ABOUT THIS TASK:
In the data below, find the line with "Beautiful machine embroidered" and the line with "理想汽车:西部证券-理想汽车", then restate both and every line between them exactly, minus the pictures.

*** DATA Section Begins ***

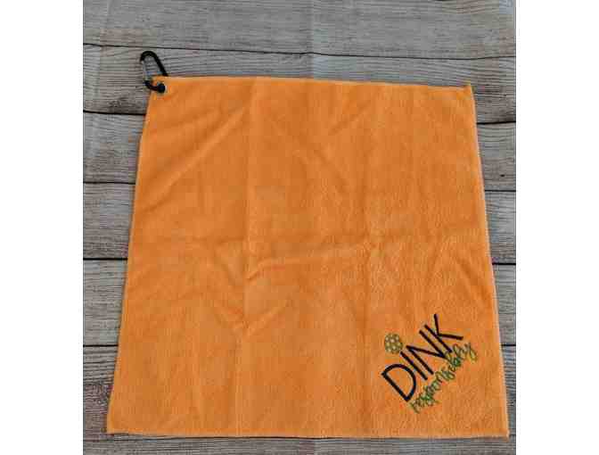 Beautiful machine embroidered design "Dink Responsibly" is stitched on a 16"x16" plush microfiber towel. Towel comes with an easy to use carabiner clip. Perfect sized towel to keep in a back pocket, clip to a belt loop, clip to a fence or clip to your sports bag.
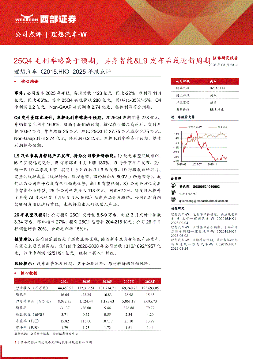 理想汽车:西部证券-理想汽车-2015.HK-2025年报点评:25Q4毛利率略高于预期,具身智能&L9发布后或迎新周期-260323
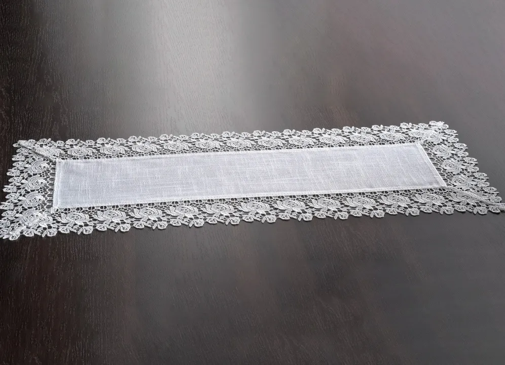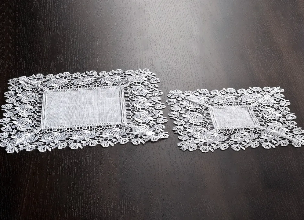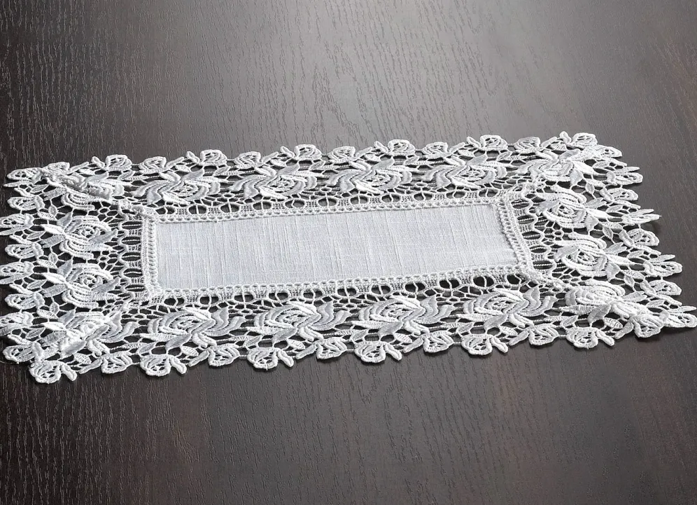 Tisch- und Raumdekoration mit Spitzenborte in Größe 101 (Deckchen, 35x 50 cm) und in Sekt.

*** DATA Section Ends ***
*** DATA Section Begins ***

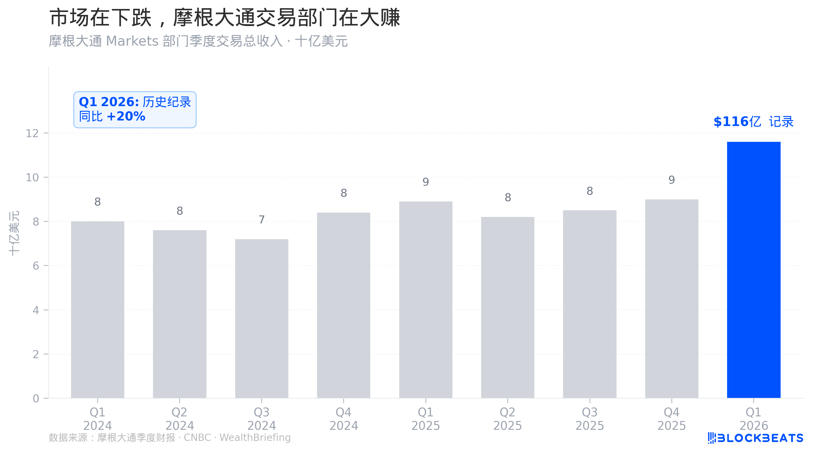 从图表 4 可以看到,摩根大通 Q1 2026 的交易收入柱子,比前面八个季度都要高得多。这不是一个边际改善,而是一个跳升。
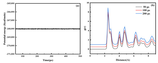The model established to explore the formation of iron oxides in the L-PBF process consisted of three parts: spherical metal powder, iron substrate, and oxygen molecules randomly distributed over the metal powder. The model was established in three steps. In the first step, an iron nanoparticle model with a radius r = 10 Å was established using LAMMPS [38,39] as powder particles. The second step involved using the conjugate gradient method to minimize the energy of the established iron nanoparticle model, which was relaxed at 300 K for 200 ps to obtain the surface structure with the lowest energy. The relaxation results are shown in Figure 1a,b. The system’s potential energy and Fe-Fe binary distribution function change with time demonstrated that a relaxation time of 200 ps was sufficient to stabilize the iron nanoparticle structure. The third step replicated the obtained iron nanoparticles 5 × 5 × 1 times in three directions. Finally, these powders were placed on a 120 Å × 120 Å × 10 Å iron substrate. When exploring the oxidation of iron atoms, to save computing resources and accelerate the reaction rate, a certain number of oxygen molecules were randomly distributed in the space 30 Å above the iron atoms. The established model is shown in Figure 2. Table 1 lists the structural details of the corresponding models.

*** DATA Section Ends ***

ANSWER TO THE PROBLEM:
 Beautiful machine embroidered design "Dink Responsibly" is stitched on a 16"x16" plush microfiber towel. Towel comes with an easy to use carabiner clip. Perfect sized towel to keep in a back pocket, clip to a belt loop, clip to a fence or clip to your sports bag.
 理想汽车:西部证券-理想汽车-2015.HK-2025年报点评:25Q4毛利率略高于预期,具身智能&L9发布后或迎新周期-260323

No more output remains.